**Available data**
__________________________________________________
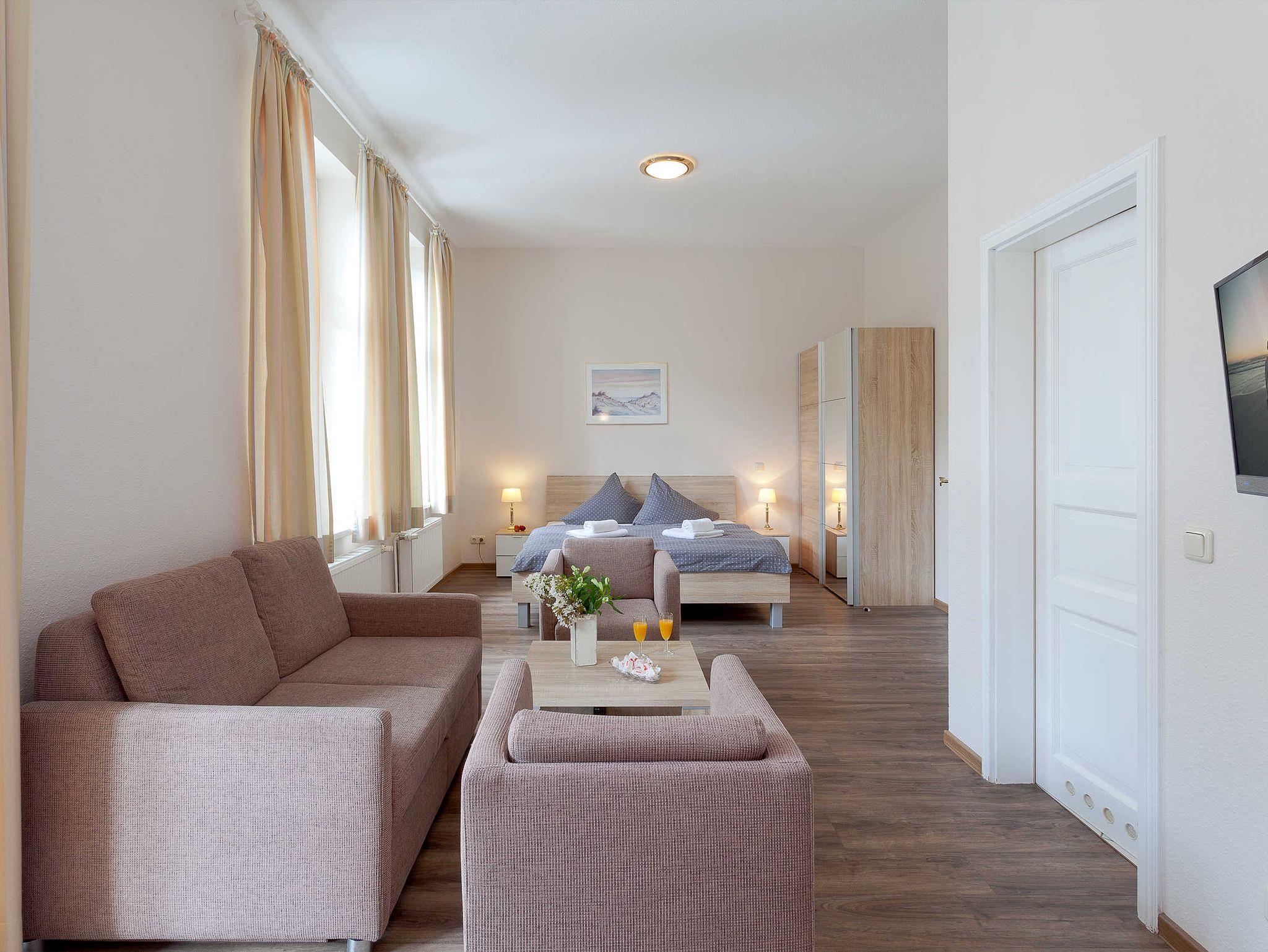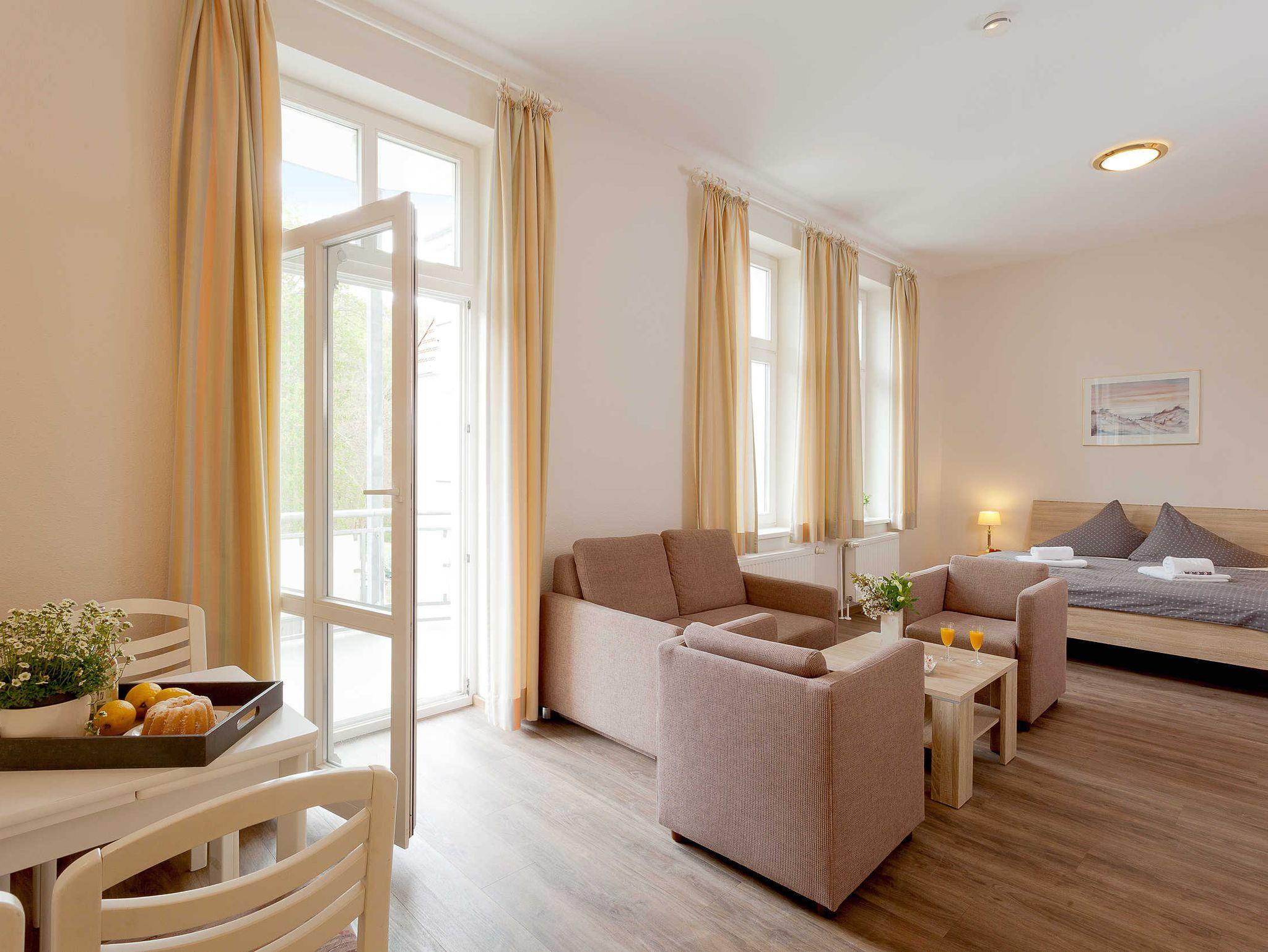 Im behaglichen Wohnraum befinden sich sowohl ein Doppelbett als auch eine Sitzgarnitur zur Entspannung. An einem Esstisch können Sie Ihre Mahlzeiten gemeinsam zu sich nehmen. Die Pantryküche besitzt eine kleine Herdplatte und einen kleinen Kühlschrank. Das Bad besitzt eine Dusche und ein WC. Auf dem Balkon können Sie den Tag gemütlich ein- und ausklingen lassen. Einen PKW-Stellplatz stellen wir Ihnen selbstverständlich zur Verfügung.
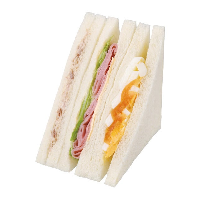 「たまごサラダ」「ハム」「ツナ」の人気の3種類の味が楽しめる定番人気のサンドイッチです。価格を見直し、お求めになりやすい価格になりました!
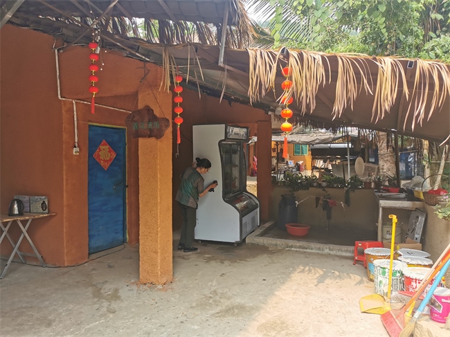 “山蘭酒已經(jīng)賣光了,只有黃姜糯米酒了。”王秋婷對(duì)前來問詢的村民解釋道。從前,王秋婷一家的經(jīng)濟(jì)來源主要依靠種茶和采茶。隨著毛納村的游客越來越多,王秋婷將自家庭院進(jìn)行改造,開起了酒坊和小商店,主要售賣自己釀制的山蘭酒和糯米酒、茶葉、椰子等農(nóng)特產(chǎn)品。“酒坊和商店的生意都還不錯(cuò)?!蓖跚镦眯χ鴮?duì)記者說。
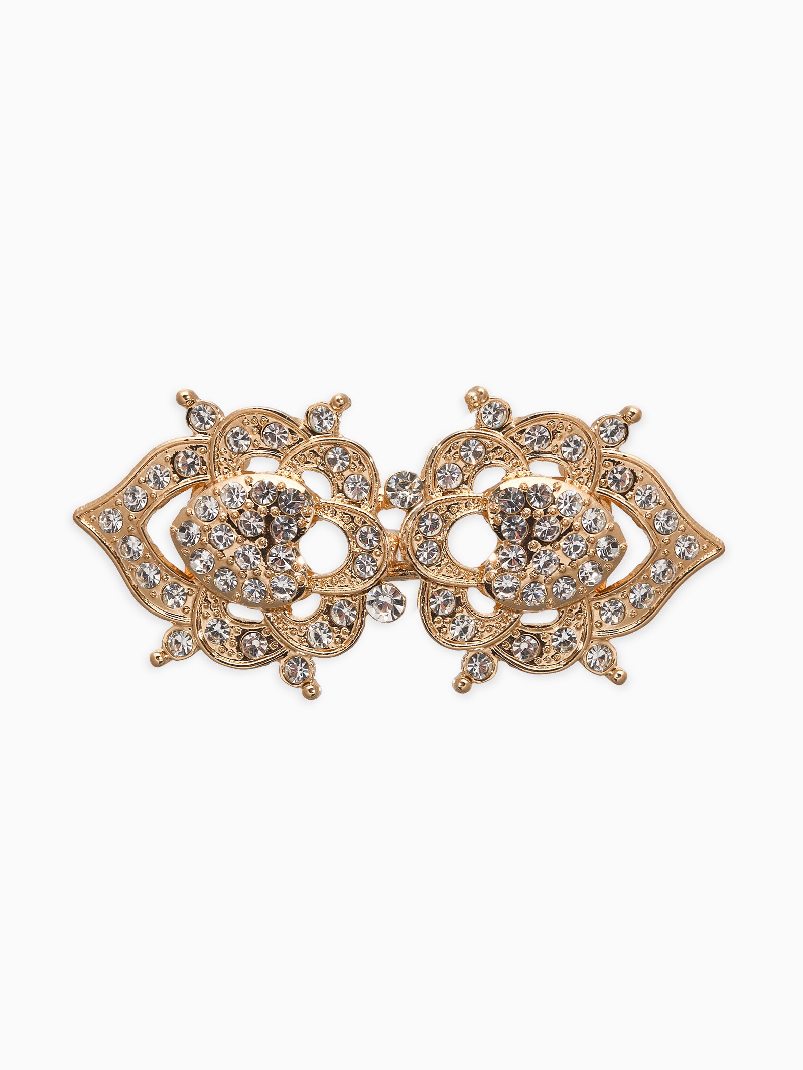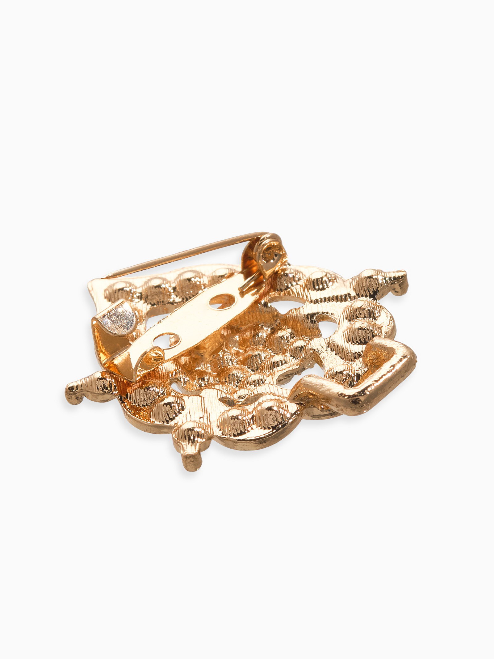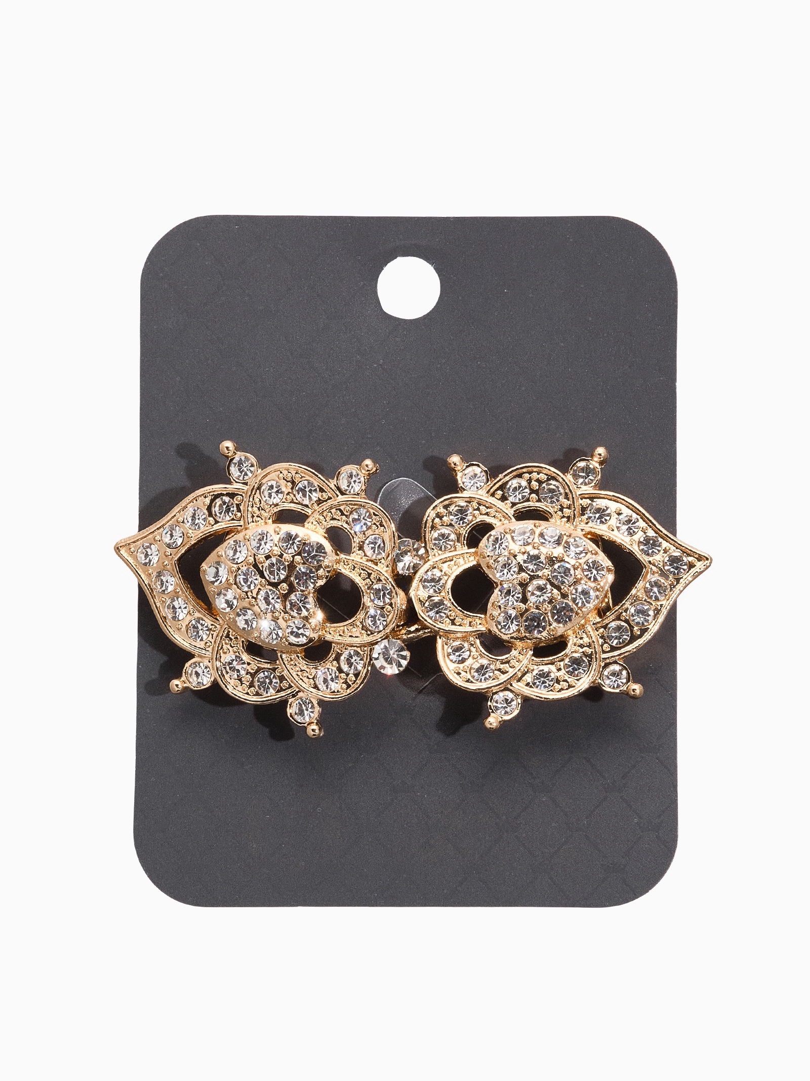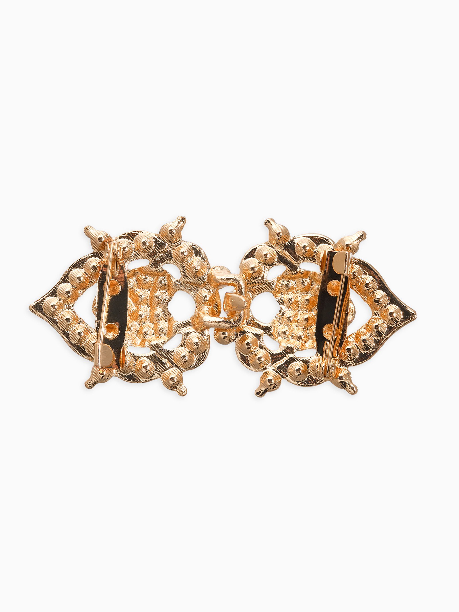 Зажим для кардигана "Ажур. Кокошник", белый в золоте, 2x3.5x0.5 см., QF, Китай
__________________________________________________
**Brief**
The data above should be returned in full, exactly as written, apart from its images.

**Exercise answer**
 Im behaglichen Wohnraum befinden sich sowohl ein Doppelbett als auch eine Sitzgarnitur zur Entspannung. An einem Esstisch können Sie Ihre Mahlzeiten gemeinsam zu sich nehmen. Die Pantryküche besitzt eine kleine Herdplatte und einen kleinen Kühlschrank. Das Bad besitzt eine Dusche und ein WC. Auf dem Balkon können Sie den Tag gemütlich ein- und ausklingen lassen. Einen PKW-Stellplatz stellen wir Ihnen selbstverständlich zur Verfügung.
 「たまごサラダ」「ハム」「ツナ」の人気の3種類の味が楽しめる定番人気のサンドイッチです。価格を見直し、お求めになりやすい価格になりました!
 “山蘭酒已經(jīng)賣光了,只有黃姜糯米酒了。”王秋婷對(duì)前來問詢的村民解釋道。從前,王秋婷一家的經(jīng)濟(jì)來源主要依靠種茶和采茶。隨著毛納村的游客越來越多,王秋婷將自家庭院進(jìn)行改造,開起了酒坊和小商店,主要售賣自己釀制的山蘭酒和糯米酒、茶葉、椰子等農(nóng)特產(chǎn)品。“酒坊和商店的生意都還不錯(cuò)?!蓖跚镦眯χ鴮?duì)記者說。
 Зажим для кардигана "Ажур. Кокошник", белый в золоте, 2x3.5x0.5 см., QF, Китай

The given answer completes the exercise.